Our battle this century against totalitarianism has left terrible scars all over our body politic and the threat these people pose to us is entirely and utterly predictable. You can say that the devil we know is better than the devil we don’t, but the devils we knew were ready to commit genocide, litter the earth with dead, and blow up the world. How much worse can that get? Let’s not build chips and wiring for our police and spies when only their police and spies can reap the full benefit of them.”

– Bruce Sterling, 1994

Roger Strong (profile) says:

Re: Re:

I’m noticing a disturbing trend: Perhaps fifty concise quotes, references or metaphors could respond to with eloquence and relevance to almost any story on Techdirt.

I find that when I want to make a point about data privacy or surveillance, I know of quotes by authors who made the point far more eloquently than I could. I’m sure that many others are familiar with the same quotes.

In the Star Trek: TNG episode “Darmok”, the Enterprise crew is baffled by a race that can communicate only through metaphors and references. “Darmok and Jalad at Tanagra” was supposed to contain great meaning. This always greatly annoyed me as unrealistic.

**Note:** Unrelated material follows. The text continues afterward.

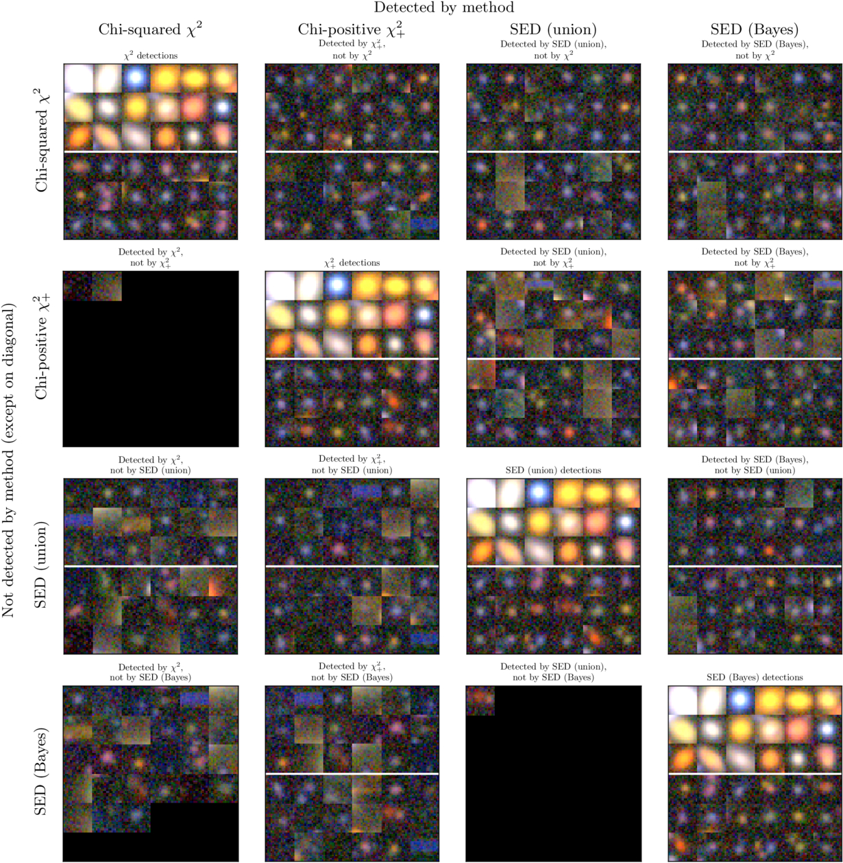 Sources detected by the different methods. On the diagonal are shown grids of sources detected by each method, including the first (brightest) and last (faintest) 18 sources. Notice that the brightest sources detected by the different methods are almost identical. The off-diagonal images show the brightest and faintest sources that are detected by one method and not another. Two methods can be compared qualitatively by examining the two plots that appear across the diagonal from each other. For the images below the diagonal, a significant number of the additional detections are not true isolated sources but perhaps arise from small deviations in the outer light profiles of galaxies. Note: although the detection was performed on single images, the color images here are from 100-image deep coadds, in order to show the “truth.” In general, the SED-matched methods produce more real source detections than the chi-squared methods.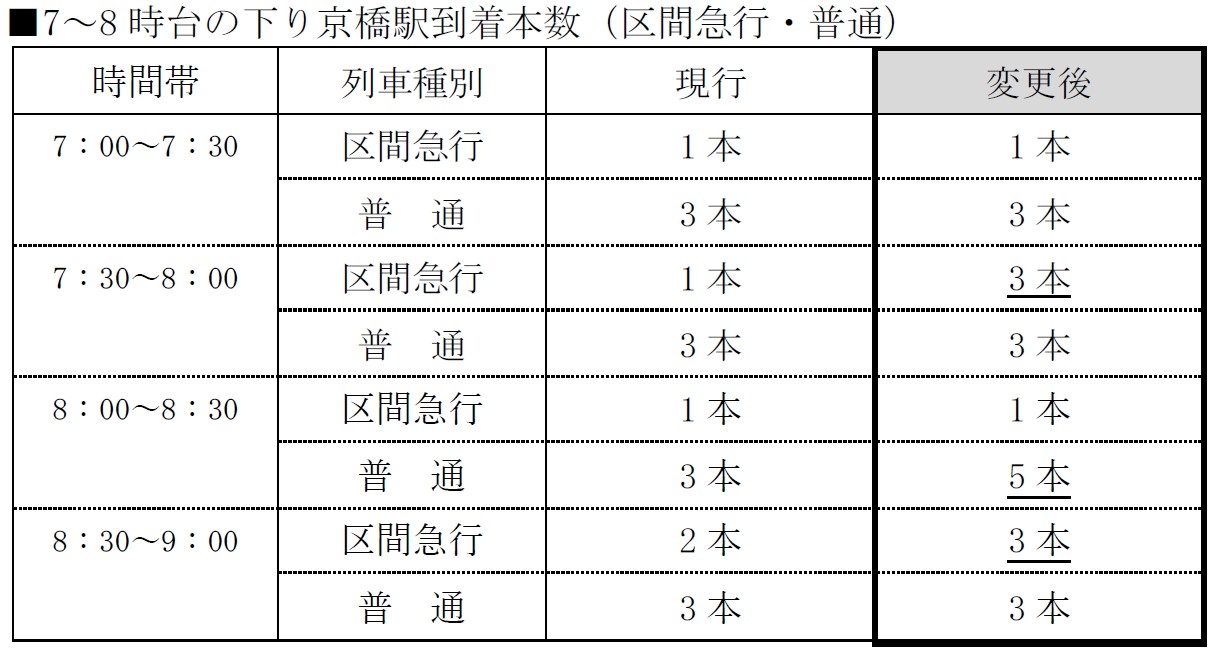 ・7~8時台下り(大阪方面行き)について、混雑緩和のため「区間急行」・「普通」の合計5本(京橋駅到着本数)を増発します。

Nevertheless, I predict that in 10 years a government official will demand some form of totalitarianism like the one above. We’ll tell Siri/Cortana/Palin/Google Now, “Bruce Sterling at CFP’94”, or “Bruce Schneier, on DNA sampling”, or “Paul Revere, warning the British.” And our computers will post the relevant quotes to the forum. (Palin adding a “You betcha!”) Communicating via Techdirt will resemble “Darmok.”

Anonymous Coward says:

Re: Re:

How true, citizens trying to communicate in private, to be stopped, citizens monitoring government activity, to be stopped, whistle blowers revealing government misfeasance and malfeasance, to be stopped. It all shut up citizen, and do as you are told, and let us look at everything you do, just so we can make sure you are doing as you are told, while we your government do whatever we like.

Anonymous Coward says:

Re: I call bullshit

Remind me again how you prove that there isn’t CP, terrorism and drugs on TOR?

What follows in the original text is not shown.